What's going on in Egypt's new constitution?





On December 12th, the Egyptian Constituent Assembly will pass on the final  draft of the Egyptian Constitution to voters, who will decide on its adoption via referendum. The proposed Constitution has been the subject of tremendous debate, revolving around the applicability of shariah as a basis for legislation, freedom of speech, assembly, and press, and freedom of religion with regards to both non-Muslims and Muslims who doctrinally fall afoul of the Salafi or Muslim Brotherhood mainstream.



Coverage of the anti-Mubarak demonstrations of January 2011 emphasized that the protests cut across social and economical cleavages to unite Egyptians against Mubarak's repressive, constricting regime. Since then, Egyptian society has rapidly polarized; protests in Tahrir square are a recurring occurrence as varying groups try to show their strength. Coptic Christians and certain Salafi groups engage sporadically in violence in Upper Egypt, where several churches have been burned and Sufi Muslim sites attacked. The transition from the rule of the Supreme Council of the Armed Forces (SCAF), which took power upon Mubarak's resignation, to the bicameral parliamentary system now led by newly elected President Mohammed Morsi was largely peaceful, though security forces did forcefully break up several protests which resulted in injury and death.
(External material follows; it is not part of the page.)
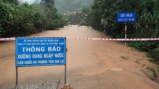 Tại huyện Đại Lộc, mưa lớn, nước lũ dâng cao đã ngập sâu hơn 1m trên tuyến ĐT609 đoạn giáp ranh giữa xã Đại Đồng và xã Đại Lãnh khiến giao thông bị chia cắt. Đáng chú ý, tuyến đường Hồ Chí Minh tại Km 1407 (xã Phước Mỹ, huyện Phước Sơn) đã xảy ra sạt lở đất xuống đường gây tắc đường hoàn toàn.
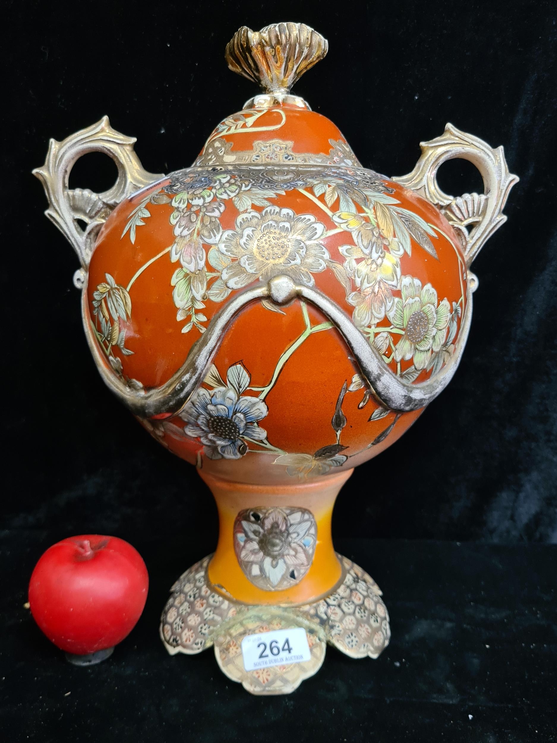 Star Lot : A stunning antique large lidded Japanese porcelain Satsuma vase. Some repairs to foot but does not take aways from this super piece.

Another question the government will have to face is the status of the 1979 treaty with Israel; though President Morsi has said he will honor it, the Muslim Brotherhood and other religious and secular groups have become increasingly wroth with Israel's perceived aggression against Egypt, via occasional police actions in the Sinai (some in coordination with Egyptian security forces), and the embattled Gaza strip. The recent decision by Morsi's government to allow Sheikh Hamad bin Khalifa al-Thani of Qatar to visit the Gaza strip (via the Egyptian-administered Rafah crossing) showcases the Egyptian government's desire for greater connections with the Arab world.

The success of the Constitution may well determine the stability of the post-revolutionary regime in Egypt. The expulsion of the SCAF means that whoever wishes to lead Egypt must address the disparate and conflicting political groups vying for power.